Note: Claims are shown in the official language in which they were submitted.


-21-
The embodiments of the invention in which an exclusive property or
privilege is claimed are defined as follows:

1. A method for synthesizing human speech, comprising the steps of:
a. for a given human vocalization, determining a set of
coefficients defining an auditory-like, speaker-independent spectrum of the
vocalization;
b. mapping the set of coefficients to a vector in a vocal tract
resonant vector space, where the vector is defined by a plurality of vector
elements; and
c. using the vector in the vocal tract resonant space to produce
a synthesized speech signal simulating the given human vocalization.

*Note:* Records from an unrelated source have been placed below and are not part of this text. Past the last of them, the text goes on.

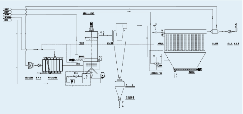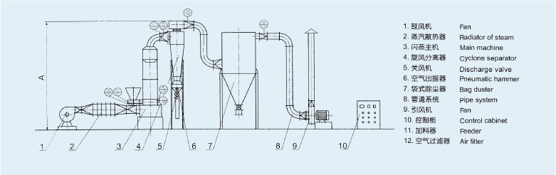 鼓風機→空氣加熱器→閃蒸干燥主機→旋風分離器→布袋除塵器→引風機
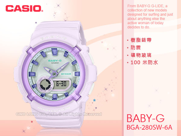 BGA-280SW-6A CASIO BABY-G 雙顯女錶 膠質錶帶 白藕色 防水100米 BGA-280
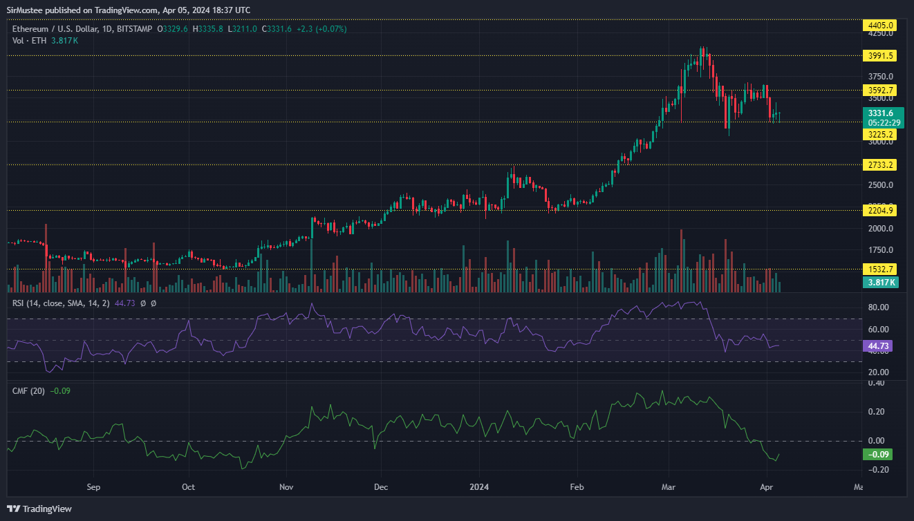 While the bullish price prediction played out right, the existence of selling pressure at the $4k range gave rise to a price dip that saw ETH briefly touch $3k. With the $3.3k floor holding over the past 72 hours, it could see buyers mount a solid comeback in the short term.

2. The method of Claim 1, wherein substantially fewer coefficients are
required in the set of coefficients than the plurality of vector elements that define
the vector.

3. The method of Claim 2, wherein the set coefficients is stored for
later use in synthesizing speech.

4. The method of Claim 2, wherein the set of coefficients comprises
data that are transmitted to a remote location for use in synthesizing speech at the
remote location.

5. The method of Claim 1, further comprising the steps of determining
speaker-dependent variables that define qualities of the given human vocalization
specific to a particular speaker; and using the speaker-dependent variables in
mapping the set of coefficients to produce the vector in the vocal tract resonant
space, which is used in producing a simulation of that speaker uttering the given
vocalizations.

6. The method of Claim 5, wherein the speaker-dependent variables
remain constant and are used with successive different human vocalizations to
produce a simulation of the speaker uttering the successive different vocalizations.

-22-
7. The method of Claim 1, wherein the set of coefficients represents a
second formant, F2', corresponding to a speaker's mouth cavity shape during
production of the given vocalization.

8. The method of Claim 1, wherein the step of mapping comprises the
step of determining a weighting factor for each coefficient of the set so as to
minimize a mean squared error of each element of the vector in the vocal tract
resonant space.

9. The method of Claim 8, wherein each element of the vector in the
vocal tract resonant space is defined by:

ei = aiO + ? aijCij

where ei is the i-th element, aiO is a constant portion of that element aij is
the weighting factor associated with a j-th coefficient for the i-th element, cij is the
j-th coefficient for the i-th element; and N is the number of coefficients.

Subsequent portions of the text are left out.